Веселые, улыбающиеся гости заполняли огромный зал, почтительно кланялись хозяевам, не скупились друг другу на комплименты, любовались роскошью комнат, наслаждались музыкой духового оркестра; перед тем, как оркестрантов пустили в губернаторский дом, лакей густо опрыскал их из пульверизатора одеколоном. Мужчины толковали о лошадях, о собаках, о строительстве трамвайной линии в Екатеринославе, о судебной палате, о новом способе лечения астмы. Приезжий помещик рассказывал об охоте в своих обширных угодьях, приглашал к себе в гости. Осторожно, намеками, говорили о предстоящей коронации Николая II.
Кучера, доставившие своих господ на банкет, по опыту знали, что торжество затянется надолго, и потому заехали с экипажами в самый дальний угол двора, где штабелями лежали доски и обтесанные бревна — здесь собирались строить флигель. Кучеру, как и матросу, норой охота походить по земле или спокойно посидеть, чтобы не качало. Они разнуздали коней, навесили им на морды мешки с овсом, а сами расселись на бревнах, собираясь покалякать о том о сем. Замолкли лишь тогда, когда в саду начался фейерверк. Но он их особенно не заинтересовал — почти у каждого порядочного пана развлекали этой штукой гостей…
— А чтоб ты сдохла, проклятая, чуть не полсвета обегал, пока тебя нашел. Ишь, куда тебя черти занесли! — вдруг закричал какой-то парень с хворостиной в руке и, тяжело дыша, принялся ловить козу, норовившую пробраться через частокол. Но проворный хлопец быстро поймал ее и начал охаживать беглянку прутом. Не столько бил, сколько громко укорял за самоуправство: — Отвязалась, нечистая сила, и пошла блукать бог знает где.

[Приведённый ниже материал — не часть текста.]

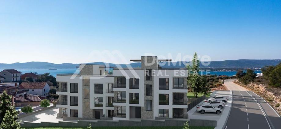 Prodaje se luksuzan i moderan apartman u NOVOGRADNJI / zgradi sa ukupno 12 stambenih jedinica, na mirnoj lokaciji - 800 m od mora. Objekt se sastoji od prizemlja, prvog i drugog kata, te krovne terase s koje se pruža panoramski pogled na more i otoke.

Все огороды и кусты облазил, чуть в болото не угодил, — он показал кучерам заляпанные грязью ноги с закатанными выше колен штанинами. Даже самодельный брыль был в брызгах грязи.
— Чего ж так плохо привязываешь свою козу? — спросил один из кучеров.
— Она не моя.
— А чья?
— Козла.
Все расхохотались.
«Значит, можно подойти к ним поближе», — решил пастух.
— А где ж ее хозяин — козел?
— Попался на чужой капусте, а теперь отбывает наказание.
— На сколько ж его засудили?
— Пока не покается, — не полез за словом в карман Гриша, а сам подумал: «Хорошо, что я переоделся пастухом и взял козу с собой, без козы разговор трудно было бы начать».